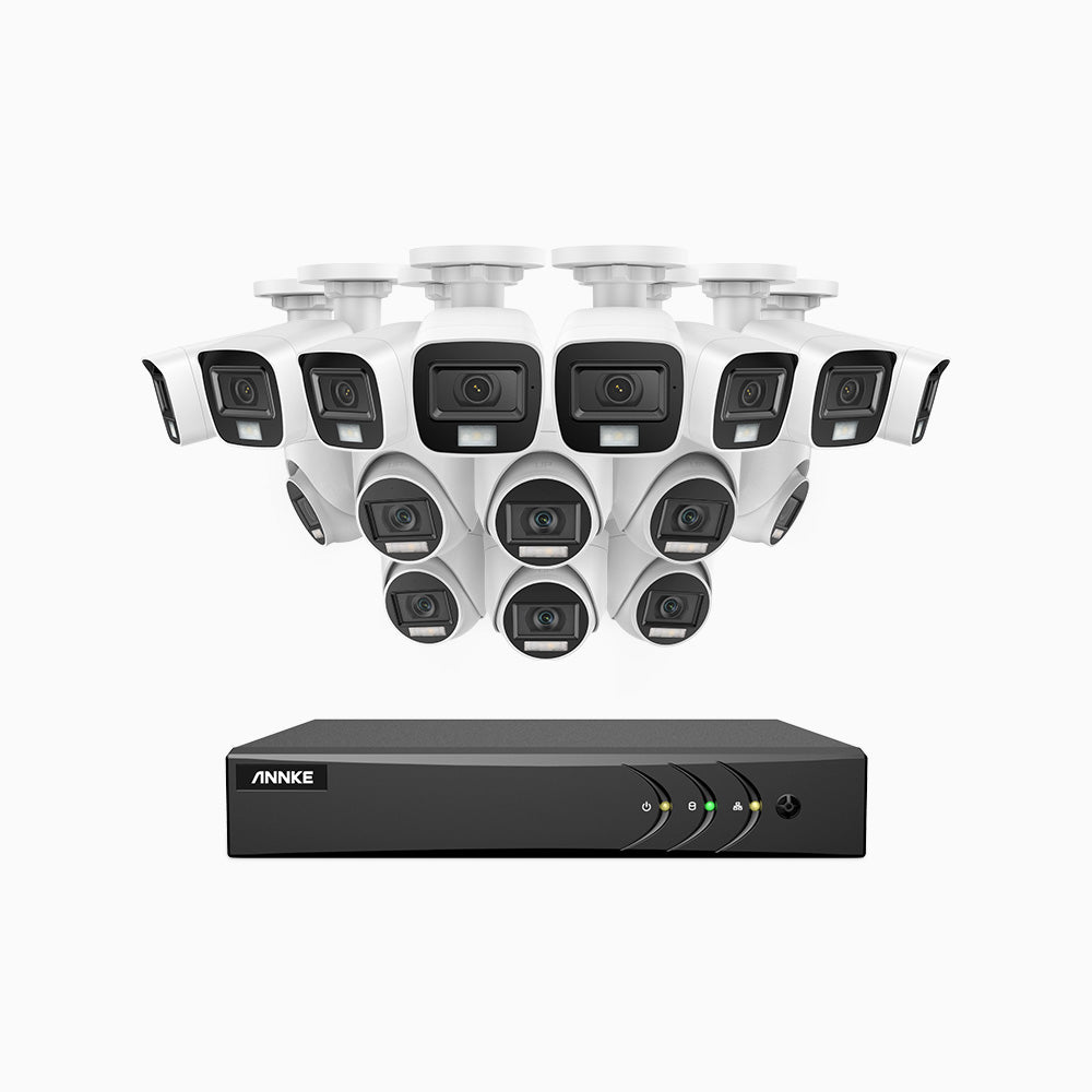 ADLK500 - Kit de vigilancia 3K con 8 cámaras bullet y 8 cámaras domo y grabador de 16 canales, Doble Luz Visión Nocturna, Apertura Superficial f/1.2, Señal de Salida 4 en 1, Micrófono Incorporado, IP67 Resistente al Clima
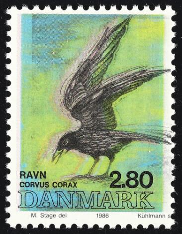 1986. Danske Fugle, 2,80 kr. flerfarvet. Variant "STÆRKT FORSKUDT FARVE" (så fuglen fremstår dobbelt!). Postfrisk. Sjælden variant
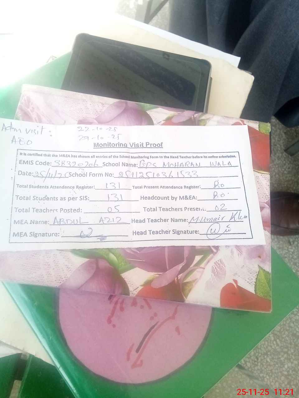 | Attendance Register | Head Teacher | MEA with School | Visit Proof |

**EXERCISE PROMPT**:
The answer should contain only the lines from the one with "1986. Danske Fugle, 2,80" through the last line of the material, given word for word and without pictures.

**EXERCISE SOLUTION**:
 1986. Danske Fugle, 2,80 kr. flerfarvet. Variant "STÆRKT FORSKUDT FARVE" (så fuglen fremstår dobbelt!). Postfrisk. Sjælden variant
 | Attendance Register | Head Teacher | MEA with School | Visit Proof |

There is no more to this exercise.